2

Is there a binary heap implementation where I can pop other elements than the root in log n time?

I use heapq - but heap.index( wKeys ) in

heap.pop( heap.index( wKeys ) )

is very slow. I need a binary heap for my problem - where I sometime use

heapq.heappop(heap)

but also need to pop other elements than at the top from the heap. So a binary heap like heapq imlementation should do that but I havnt found a binary search method. I also looked at treap (http://stromberg.dnsalias.org/~strombrg/treap/) and cannot find a method like this here either.

Endre Moen
  • 695
  • 2
  • 9
  • 19
  • 1
    The heapq documentation (https://docs.python.org/3.5/library/heapq.html) doesn't seem to mention the index method at all. How many keys are you passing in `wKeys`? In general, I wouldn't expect finding the index of a specific member would be fast - though my comp sci is pretty rusty. Ref https://docs.python.org/3.5/library/heapq.html#priority-queue-implementation-notes it seems that "how do you find [an item] and remove it from the queue?" is an open problem, though it suggests a solution there.

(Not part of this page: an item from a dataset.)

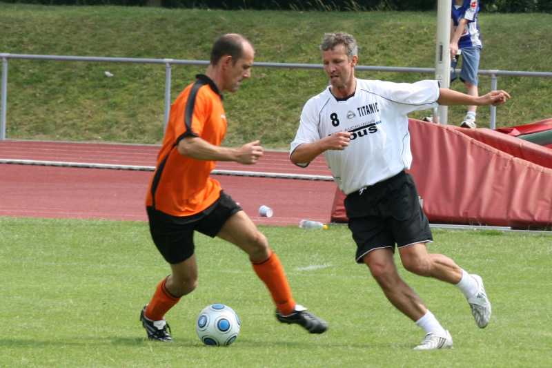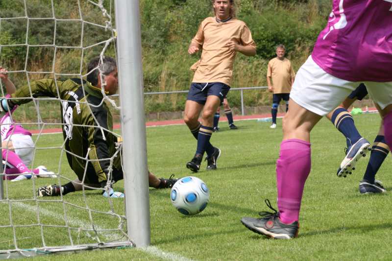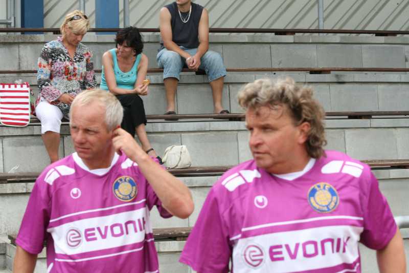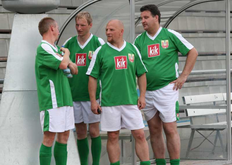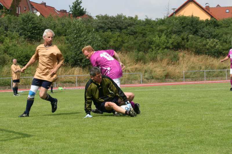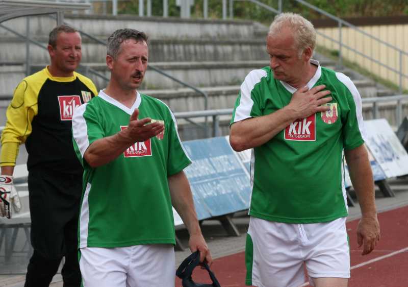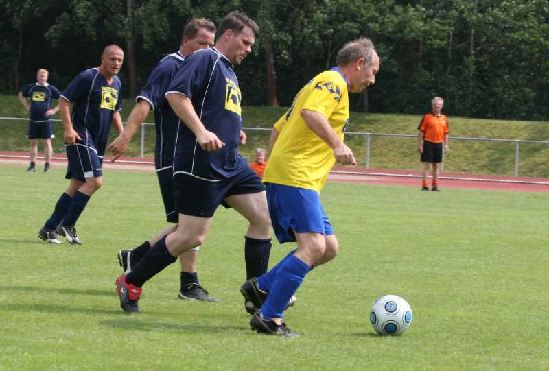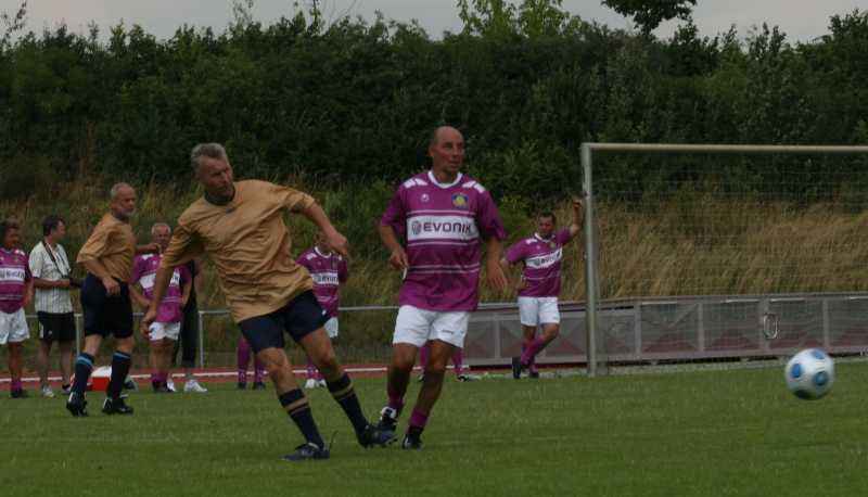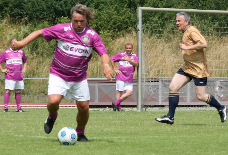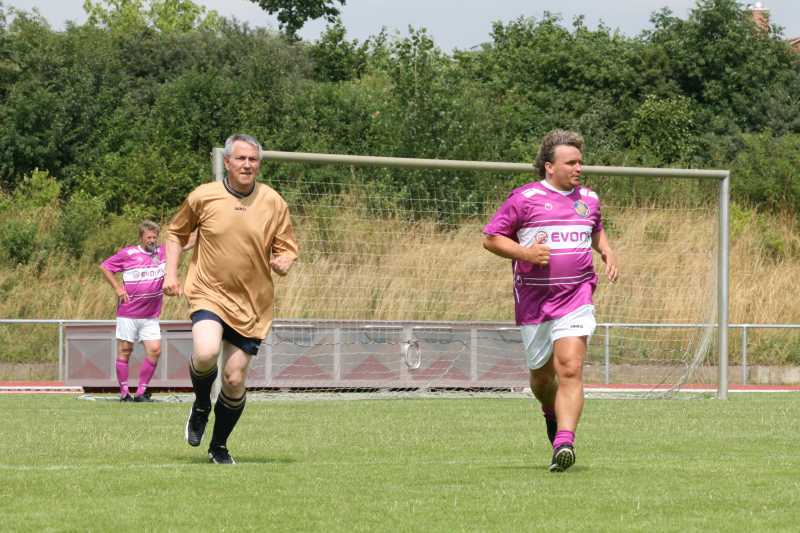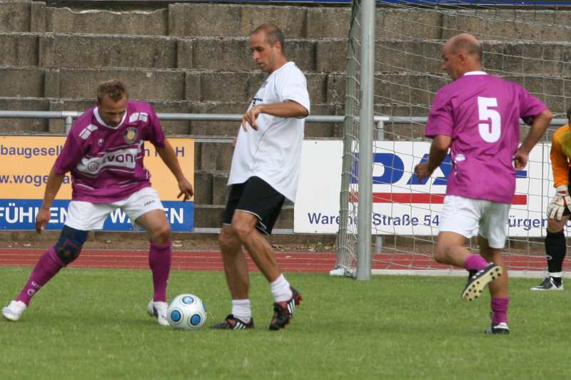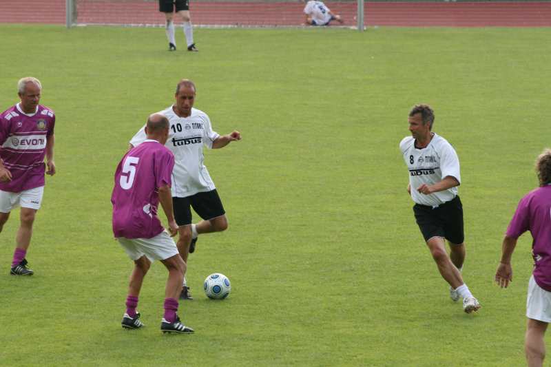 Und was im MüritzCOMP-Cup-Finale auf den Platz lief, da konnte der Fußballfan nur mit der Zunge schnalzen. Lok hatte in diesem Jahr den ehemaligen Torschützenkönig der DDR-Oberliga Dieter Kühn, der am Turniertag seinen 53. Geburtstag feierte, mitgebracht. Immer wieder angetrieben von den filigranen Fußballern Frank Baum und Uwe Ferl, unterstützt vom trickreichen Heiko Scholz wollte man dem deutlich jüngeren Widerpart Paroli bieten, der auf dem glänzend präparierten Rasen des Müritzstadions mit klangvollen Namen auflief: Paule Beinlich, Hilmar Weilandt und Jens Dowe zeigten mehrfach Proben ihres überragenden Könnens. Unterstützt wurden sie von Volker Röhrich, Bernd Arnold, Maik Bullerjahn, Gernot Alms und Frank Rillich. Diese Aufstellung hätte vor noch garnicht so langer Zeit das Ostseestadion ziemlich gefüllt.

I think in general what you want to do isn't a 'built-in' property of a binary heap. – Tom Dalton Mar 05 '18 at 16:15
  • but if the heap is organized as a binary tree - shouldnt it be possible to search for any item in log n time? At the bottom of this page: http://stromberg.dnsalias.org/~strombrg/treap/ it says that insert, remove and lookup is done in log n time. While the treap implementation doesnt provide lookup of arbitrary item. – Endre Moen Mar 05 '18 at 16:55
  • 1
    A binary tree just means that each node has at most 2 children. A binary tree in itself has no innate 'ordering' on the nodes. It just so happens that a common use of binary trees is an ordered binary tree that allows efficient binary search. It's possible that `treap` has some additional implementation (such as the 'addon' dictionary) that makes lookup efficient, but that will come at the code of additional operations on push/pop and additional storage cost. – Tom Dalton Mar 05 '18 at 16:59
  • 1
    @EndreMoen: The binary heap is organized as a binary tree, but not a binary search tree. Finding an item in a binary heap requires a sequential search. – Jim Mischel Mar 05 '18 at 16:59
  • 2
    Removing an arbitrary element from a binary heap is an O(log n) operation, as described in https://stackoverflow.com/a/8706363/56778. *Finding* an arbitrary element is an O(n) operation, unless you combine the heap with a lookup mechanism like a hash map or dictionary that keeps track of each item's location in the heap. – Jim Mischel Mar 05 '18 at 17:06
  • @JimMischel - yes that is what I need - a lookup mechanism to find the index of an entry - given the entry. – Endre Moen Mar 05 '18 at 17:21
  • 1
    You need to modify the heap code so that it includes a dictionary that has the item key as the key, and the item's index in the heap as the value. In the code that moves items, you have to update the item's position in the dictionary every time you move the item in the heap. There are probably examples of doing that in python. If not, it's not a difficult modification. – Jim Mischel Mar 05 '18 at 17:27
  • 1
    yu could look at : http://www.grantjenks.com/docs/sortedcontainers/index.html . I really don't get the point of not including sorted containers in python. can someone shed some light? – Shihab Shahriar Khan Mar 06 '18 at 15:55
  • @JimMischel - i have started on an implementation based on heapq (https://github.com/emoen/heapq_with_index/blob/master/heapq_27_with_index.py) and I try to add a new method `pop_arbitrary(heap, item, heapIndex)` - where `heap` is an array, and `heapIndex` is a dictionary of Item: index, but if the heap contains 5 elements and you delete item at position 1 - then in `pop_arbitrary()` - you have to loop through 2, 3, and 4 in the dictionary to decrement the index of these items. How can this be more efficient? – Endre Moen Mar 06 '18 at 21:15
  • 1
    The idea is that every time you move an item in the heap's backing array, you have to update that item's entry in the dictionary. For example in the `_siftup` method, there's this line: `heap[pos] = heap[childpos]`. You need to lookup in the dictionary the item that's at `childpos`, and change its value in the dictionary to be `pos`. You have to do that throughout the heapq code: every time an item moves, you have to change its value in the dictionary. – Jim Mischel Mar 07 '18 at 20:36

2 Answers2

1

Ive modified the implementation of heapq by adding a parameter to heappop(), and heappush() - which is heapIndex. That takes a dictionary of {item: index} and updates the heapIndex as it pops or pushes into heap.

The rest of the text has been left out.